§ **YOUR TASK**
Using the records that appear below, write out exactly the lines from the one with "沙奇里的模型属于矮小、宽大,配合初始盘带" through the one with "Als der Klassiker", keeping both end lines.

§ **MATERIAL SUPPLIED**
════════════════════

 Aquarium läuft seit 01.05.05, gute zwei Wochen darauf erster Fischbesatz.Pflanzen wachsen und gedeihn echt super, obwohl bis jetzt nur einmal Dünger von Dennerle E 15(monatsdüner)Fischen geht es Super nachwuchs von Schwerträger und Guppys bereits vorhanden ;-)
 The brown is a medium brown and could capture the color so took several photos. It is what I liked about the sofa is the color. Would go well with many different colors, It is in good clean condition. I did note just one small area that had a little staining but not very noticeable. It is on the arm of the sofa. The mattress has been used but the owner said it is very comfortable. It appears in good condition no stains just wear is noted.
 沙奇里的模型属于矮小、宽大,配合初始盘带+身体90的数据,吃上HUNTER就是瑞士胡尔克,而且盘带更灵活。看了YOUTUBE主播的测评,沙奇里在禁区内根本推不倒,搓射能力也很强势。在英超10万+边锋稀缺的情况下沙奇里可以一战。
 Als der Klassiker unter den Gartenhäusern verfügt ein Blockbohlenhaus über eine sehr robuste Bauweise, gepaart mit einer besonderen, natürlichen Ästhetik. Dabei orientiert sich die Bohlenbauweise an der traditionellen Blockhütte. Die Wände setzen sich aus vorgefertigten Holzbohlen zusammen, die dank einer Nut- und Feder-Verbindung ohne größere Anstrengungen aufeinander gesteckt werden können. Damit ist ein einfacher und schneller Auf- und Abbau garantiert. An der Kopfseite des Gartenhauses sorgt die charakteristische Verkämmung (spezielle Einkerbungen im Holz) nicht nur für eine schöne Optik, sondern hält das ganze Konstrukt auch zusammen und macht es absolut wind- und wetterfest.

════════════════════

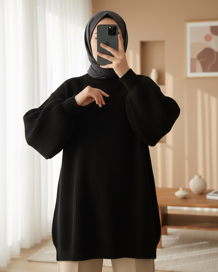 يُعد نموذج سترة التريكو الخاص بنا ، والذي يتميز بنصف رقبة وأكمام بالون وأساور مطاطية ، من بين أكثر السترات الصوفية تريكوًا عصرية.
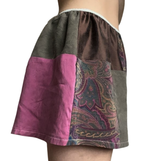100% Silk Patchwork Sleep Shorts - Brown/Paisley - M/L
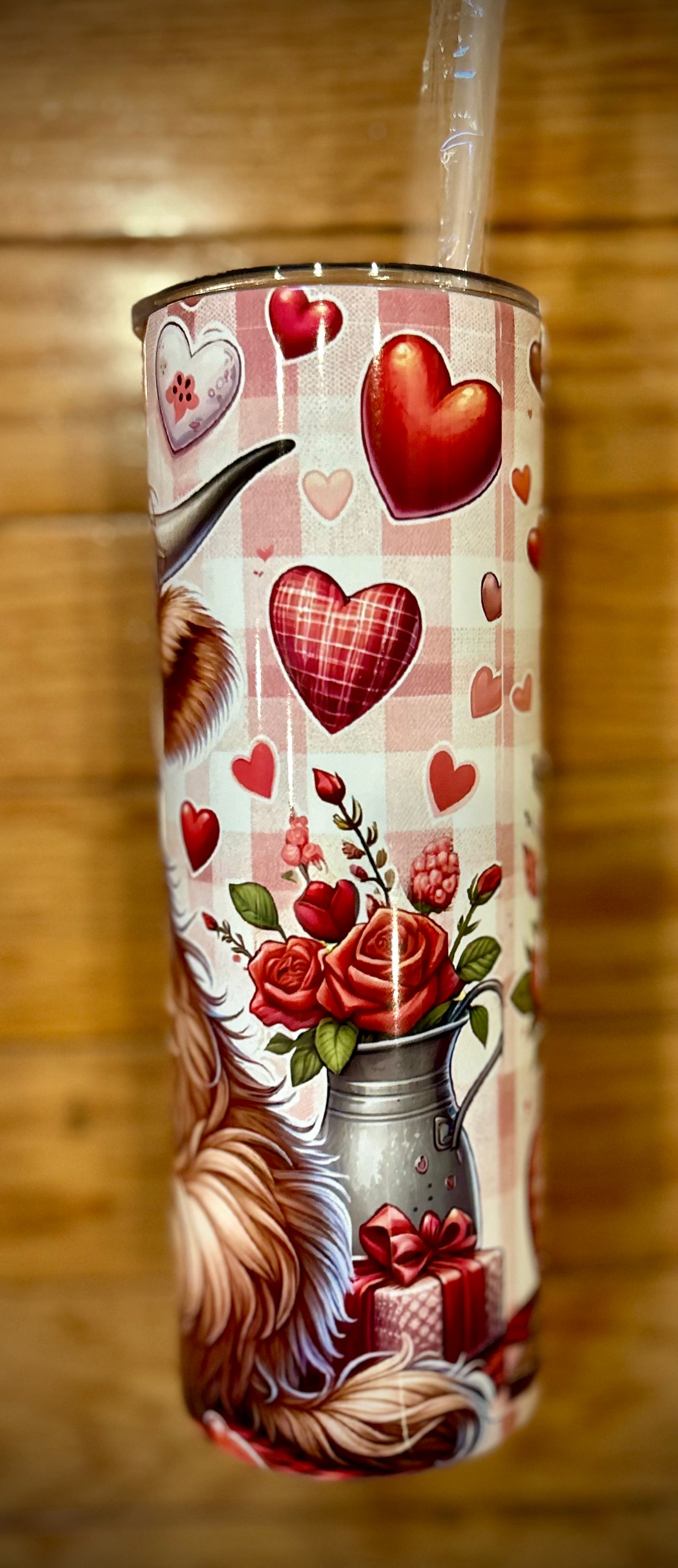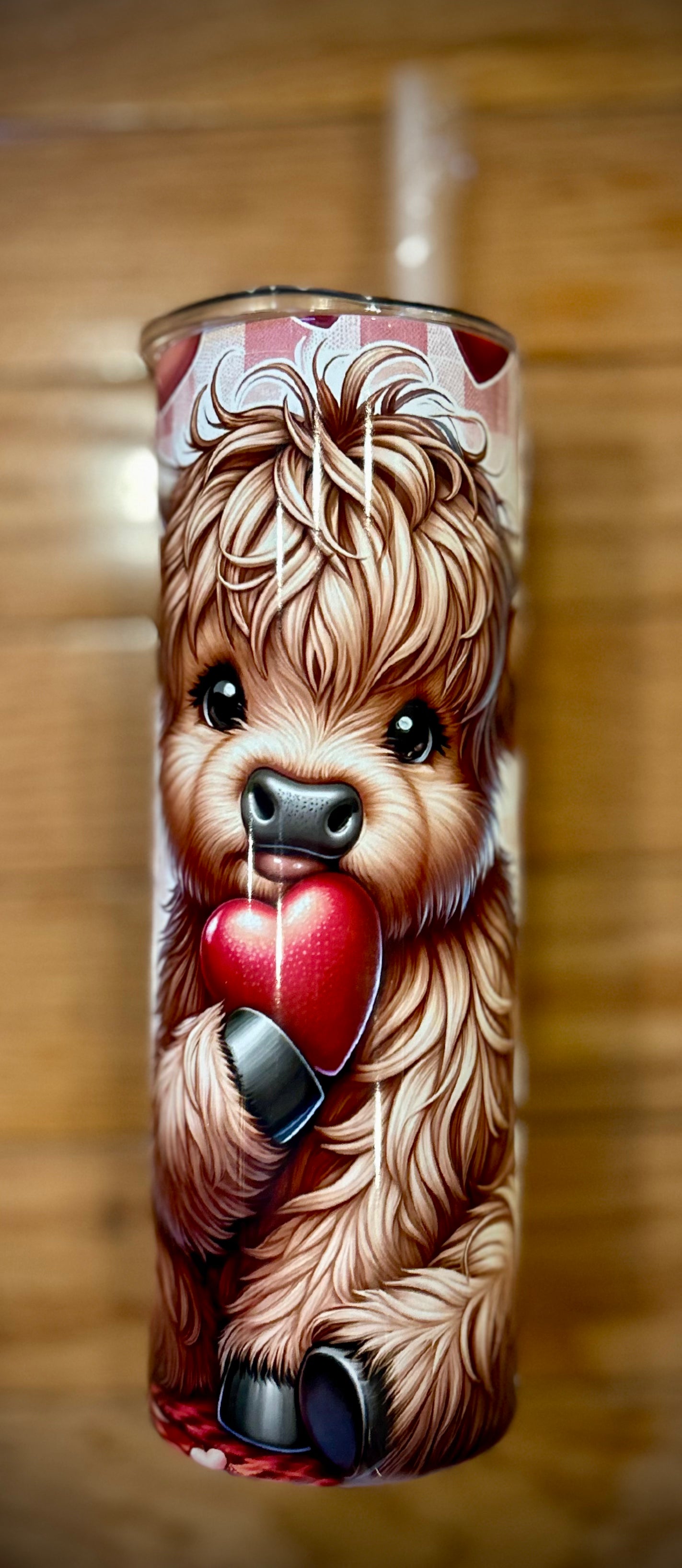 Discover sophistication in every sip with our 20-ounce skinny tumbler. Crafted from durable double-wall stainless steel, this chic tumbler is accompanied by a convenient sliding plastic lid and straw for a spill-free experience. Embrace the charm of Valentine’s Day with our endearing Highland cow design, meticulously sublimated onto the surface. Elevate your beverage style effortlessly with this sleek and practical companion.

════════════════════

§ **ANSWER TO THIS PROBLEM**
 沙奇里的模型属于矮小、宽大,配合初始盘带+身体90的数据,吃上HUNTER就是瑞士胡尔克,而且盘带更灵活。看了YOUTUBE主播的测评,沙奇里在禁区内根本推不倒,搓射能力也很强势。在英超10万+边锋稀缺的情况下沙奇里可以一战。
 Als der Klassiker unter den Gartenhäusern verfügt ein Blockbohlenhaus über eine sehr robuste Bauweise, gepaart mit einer besonderen, natürlichen Ästhetik. Dabei orientiert sich die Bohlenbauweise an der traditionellen Blockhütte. Die Wände setzen sich aus vorgefertigten Holzbohlen zusammen, die dank einer Nut- und Feder-Verbindung ohne größere Anstrengungen aufeinander gesteckt werden können. Damit ist ein einfacher und schneller Auf- und Abbau garantiert. An der Kopfseite des Gartenhauses sorgt die charakteristische Verkämmung (spezielle Einkerbungen im Holz) nicht nur für eine schöne Optik, sondern hält das ganze Konstrukt auch zusammen und macht es absolut wind- und wetterfest.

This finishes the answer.